HASSO HERING

A perspective from Oregon’s mid-Willamette Valley

Tree wells: a streetscape update

Written February 26th, 2018 by Hasso Hering

So what’s with those wooden frames, square and sturdy as they look, around the newly planted trees in Albany’s downtown streetscape reconstruction?

I wondered whether the frames were intended to answer the complaint that some of the more than 200 new street trees in the downtown project had been planted too deep in the ground to thrive. No, that’s not it,¬†City Engineer Staci Belcastro assured me.

“The contractor is not taking a shortcut,” she emailed me when I asked. “Staff is working with the general contractor, the landscape contractor, and city forester to ensure that the trees that were planted incorrectly are re-installed correctly, and at the correct depth. The cedar frames are being installed to retain the pavers and keep the sand installed around the pavers from falling into the tree well.”

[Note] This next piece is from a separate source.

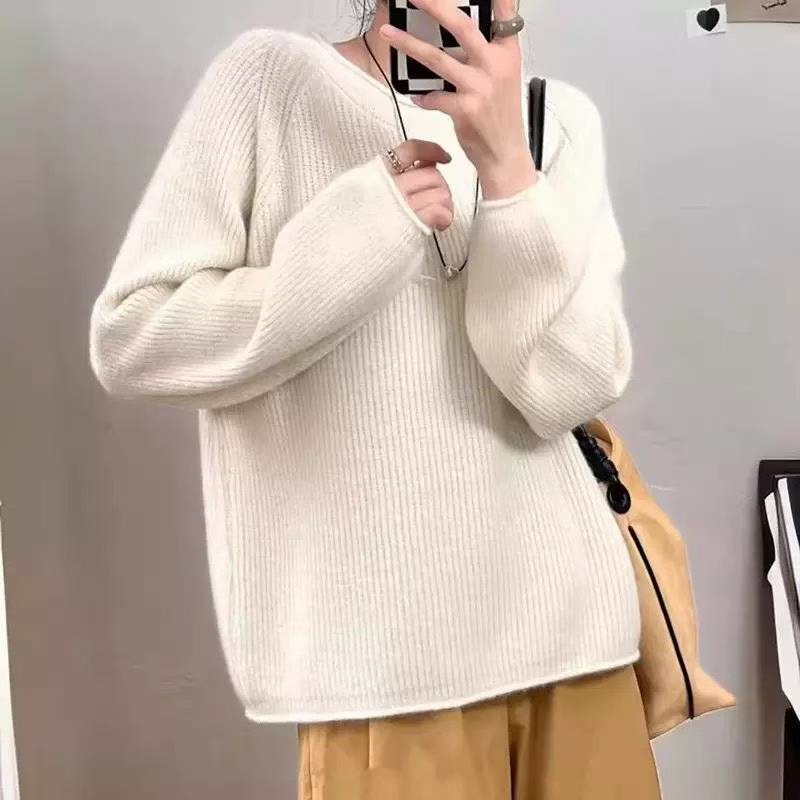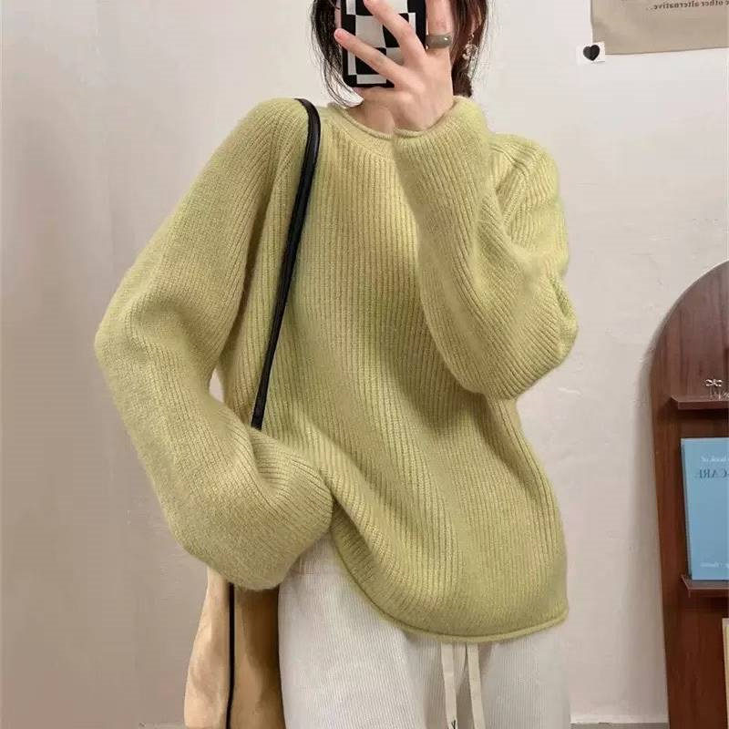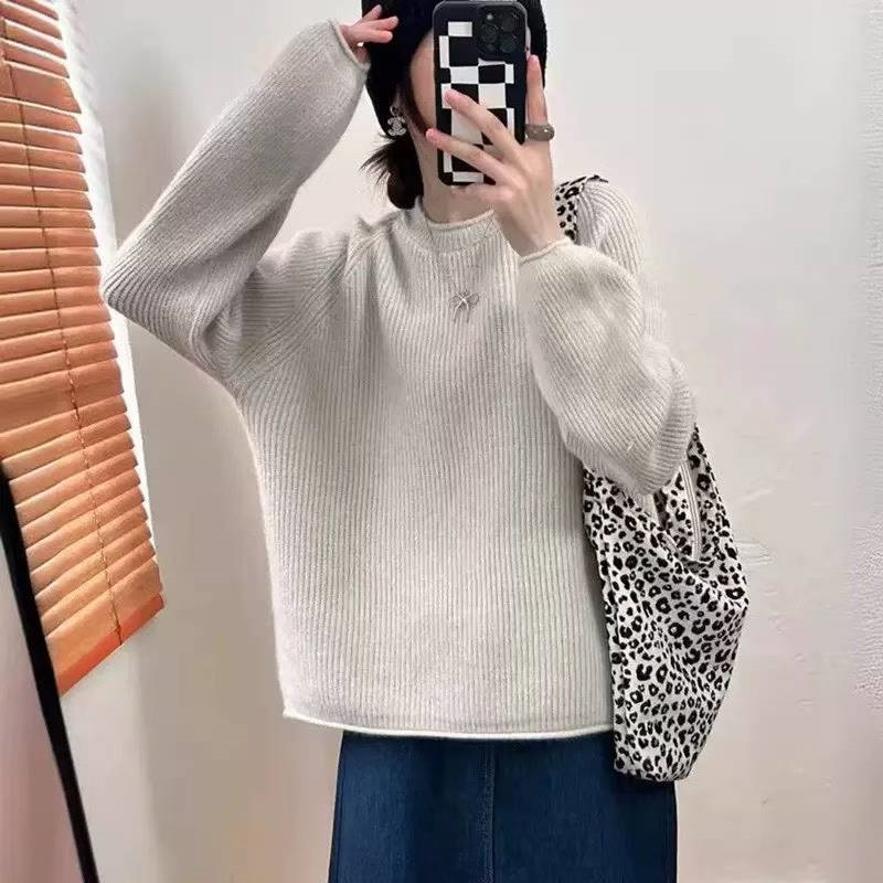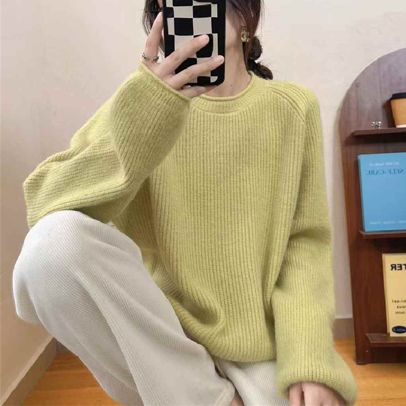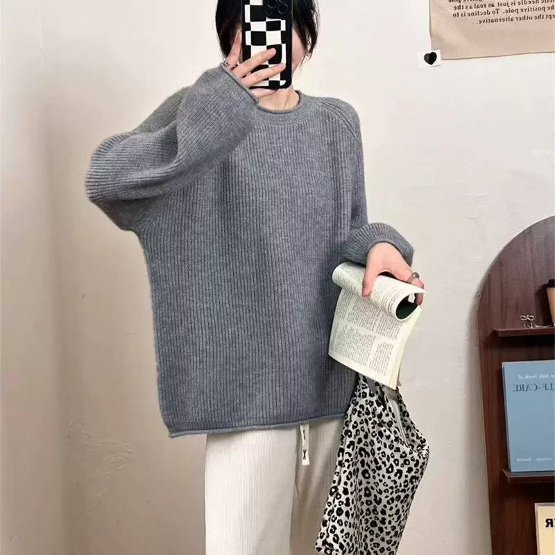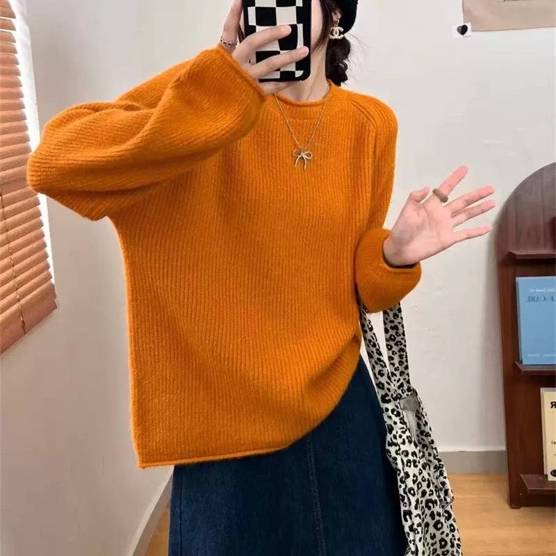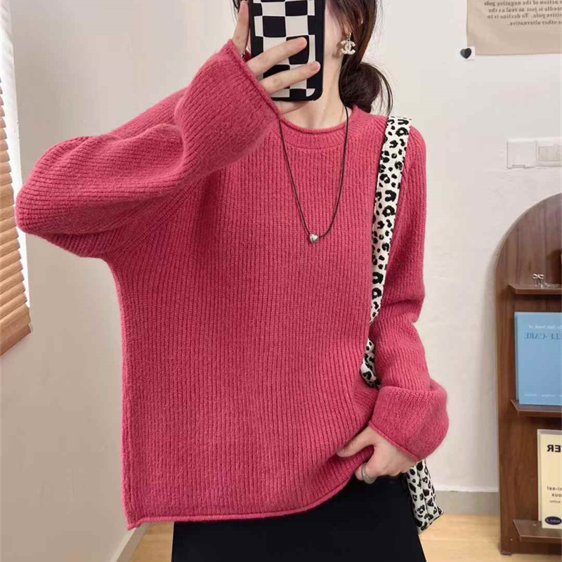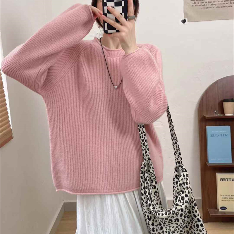 韩系温柔软糯卷边圆领套头毛衣女秋冬新款宽松慵懒风针织衫上衣女

The contract for Phase 2  (the main part) of the streetscape project called for 224 trees to be planted, at a price of $780 each for a total of $174,720.

The contract also provided for installing new 210 tree wells. (I guess 14 of the new trees went in existing spots.) At the bid price of $2,200 each — including pavers, sand and presumably the cedar frames — the tree wells came to $462,000.

What else is new with the streetscape project?

At Monday’s city council work session, Councilman Bill Coburn brought up the steel plates covering trench cuts in Ellsworth and Lyon streets. He urged the city staff to get the contractor to put down additional asphalt at the edges to lessen the jolts that motorists have been feeling. ODOT is scheduled to repave those two legs of Highway 20 this summer.

City Manager Peter Troedsson gave the council an update on the streetscape project last week. Furnishings including trash cans, benches and bike racks have arrived, he reported, and the cans were to be put in this week. The benches and bike racks will wait until paving and striping is complete later in the year.

On the money front, Phase 1 of the street and sidewalk reconstruction (around the post office, completed last winter and spring), cost $1,036,000. Phase 2, now winding down except for paving, is expected to total $8,786,000. That puts the streetscape total at $9,822,000, or $1,215,800 under the budget for both projects of $11,037,800.

Now, if we could just get those trench cuts smoothed out … (hh)

 



5 responses to “Tree wells: a streetscape update”

  1. Katherine says:

    $780.00 A TREE? WOW!! I’d love to see the breakdown on that invoice.

    • Stephenie says:

      I am also surprised by the cost for the trees and would be interested in understanding how that cost is broken down. I wonder why we don’t ask for volunteers for these kind of projects (tree planting). We have a lot of amazing community resources for the expertise and I’m sure community members would be eager to be a part of the downtown project.

    • Cheryl P says:

      Depends on the type of tree and the maturity of the tree. But you’re probably looking at around $200 a tree. Then there is the cost associated with the tree with includes delivery, labor and materials. Looking at the photo…that’s a two-person job. They will have to remove the brick, dig a hole, plant the tree, add appropriate nutrients, firm the hole, add in the frame and braces, secure the tree and clean up. That’s easily 2 1/2 to 3 hours per a tree.

      And let’s not forget…this is a government contract and even if the contractor didn’t pad the bid (it IS government work), there are costs they have no choice on, like labor, because the government requires ‘prevailing wage’. As an example, I used to work for a mason. We normally paid our general labor workers $6.00/hour (minimum wage was $4.25/hour back then), but government work required that we pay them $8.00/hour. In additional to increasing our gross labor costs, it also increased our payroll taxes and worker’s comp…the latter is based on gross payroll.

  2. Shawn Dawson says:

    Honestly, I don’t criticize all that is down with tax money, but $780 per tree plus $2200 per tree well? Trees are wll under $100 dollars at Tom’s or Garland or any other nursery in town. Surely they can be bought and installed for less.

    It may be too late for this project, but for future projects, how about writing the contract so that the wells are prepared for trees, but let the installation be done outside the contract by less expensive means.

    -Shawn

  3. Mary Brock says:

    OMG! Half a million bucks for downtown trees so the elite can go out to eat along some shaded streets about 20 years from now! It is tax-payer money (through CARAA), so what the heck! (I’m being sarcastic, in case anyone wondered!)